This storm really targeted the pines and locusts. My yard is full of branches, and two poplar limbs. Damage was a storm window broke, and the lid from my kids homemade composter is still in orbit. Pond behind my house was 3' above norm, still 6' below my foundation. Almost into burning the wood from Irene, last year. My old welder is getting its annual workout. 



[attachment=12940]

Neighbor moved his cars just before this tree went down, unfortunately, his shorts were ruined.


----------



## Mike1950

Happy to hear you are all right. Sorry about the kids composter. The neighbors shorts- might be a little more detail then we need....... :rotflmao3::rotflmao3::rotflmao3::rotflmao3:


----------



## Brink

I didn't post pics lol


----------



## cabomhn

Glad to see that other than some damage no one up north was seriously hurt!


----------



## DomInick

What's going on with that roller coaster in the ocean?


----------



## Mizer

Glad to here that everyone is ok and not much property damage.


----------



## Mizer

Brink said:


> This storm really targeted the pines and locusts. My yard is full of branches, and two poplar limbs. Damage was a storm window broke, and the lid from my kids homemade composter is still in orbit. Pond behind my house was 3' above norm, still 6' below my foundation. Almost into burning the wood from Irene, last year. My old welder is getting its annual workout.
> 
> 
> 
> 
> 
> Neighbor moved his cars just before this tree went down, unfortunately, his shorts were ruined.
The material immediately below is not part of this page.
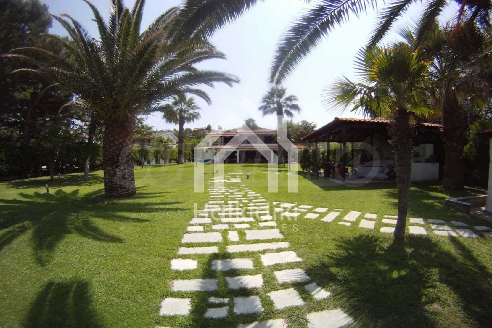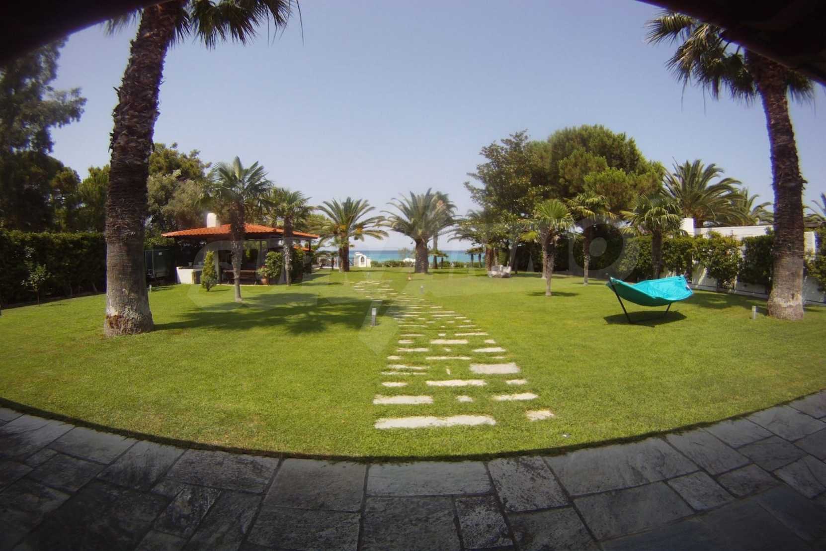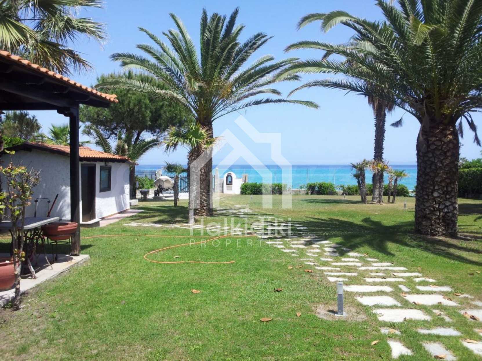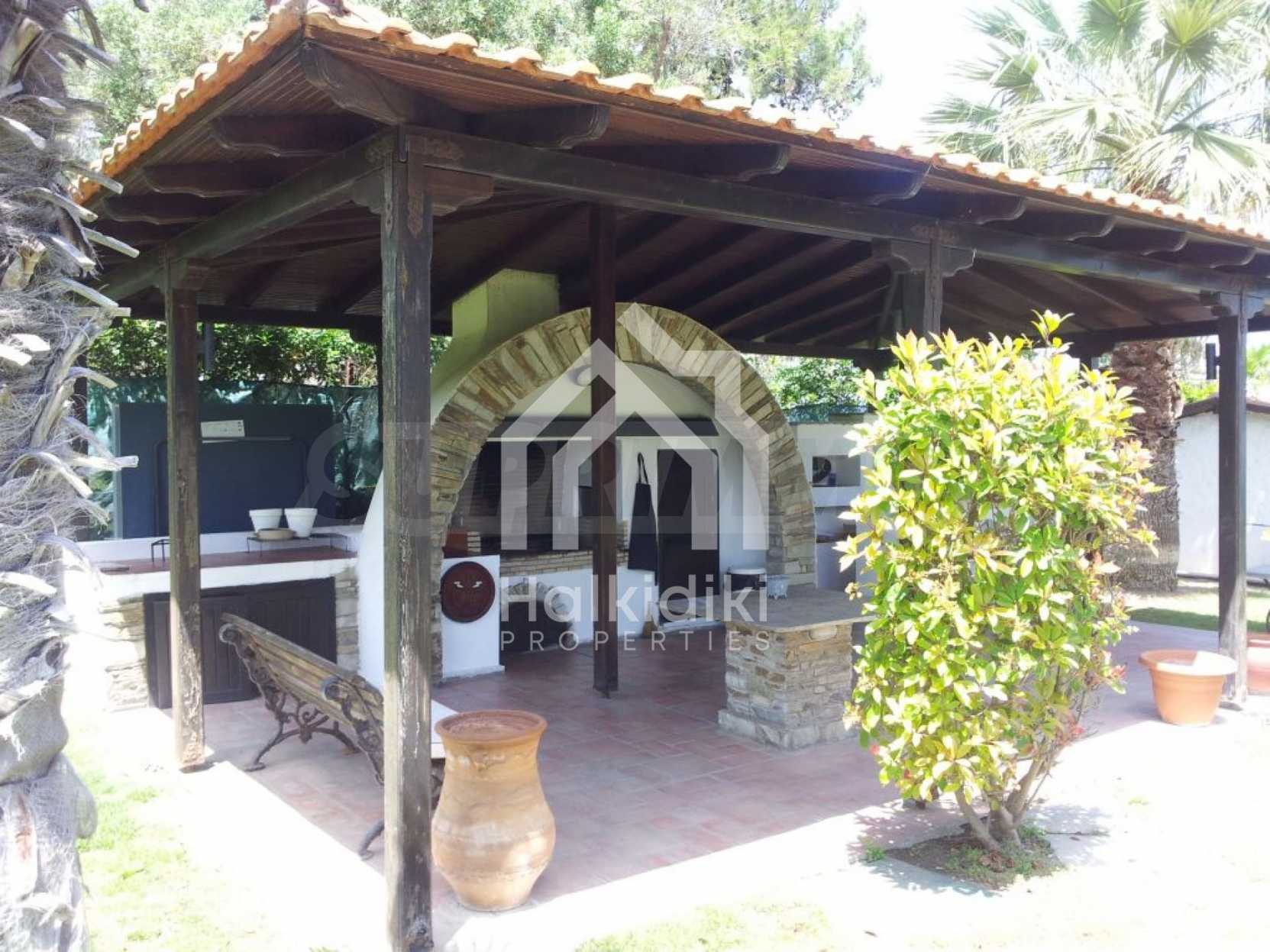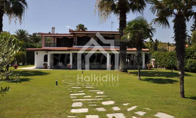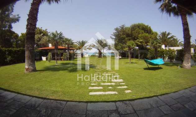 Villa in Kassandra, Halkidiki, 400 sqm, on the first line in a heavenly beach, surrounded by 2.5 acres of garden. The villa has five bedrooms and four bathrooms. The carefully landscaped garden has outdoors kitchen and living room with barbeque, as well as two parking spots. It is a unique house of great aesthetics and architecture, compining harmonically materials such as wood and stone.

Now that it seems that everyone is ok. What kind of tree is that? It almost looks like Walnut.


----------



## Brink

Mizer said:


> Now that it seems that everyone is ok. What kind of tree is that? It almost looks like Walnut.



That was locust. 

A 30" rough bark cherry went down not far from me. Hope it's there in 3 weeks when I'm allowed to play with a chainsaw.


----------



## Mizer

Brink said:


> Mizer said:
> 
> 
> 
> Now that it seems that everyone is ok. What kind of tree is that? It almost looks like Walnut.
> 
> 
> 
> 
> That was locust.
> 
> A 30" rough bark cherry went down not far from me. Hope it's there in 3 weeks when I'm allowed to play with a chainsaw.
Click to expand...

Go put a tag on it with your name.


----------



## healeydays

Here in NH, we survived with lots of trees down (getting to be an annual thing). Power was out for 1 1/2 days, but still know folks with no power. The power company here PSNH is usually very good getting crews in from Hydro Quebec, but because of the problems in NY and NJ they had to get crews in to help from Oklahoma and Texas. 

Should have them haul up some mesquite for me...


----------



## Kevin

healeydays said:


> Should have them haul up some mesquite for me...



Send them back down with spalted quilted maple and I'll send the next crew up with some skeet. 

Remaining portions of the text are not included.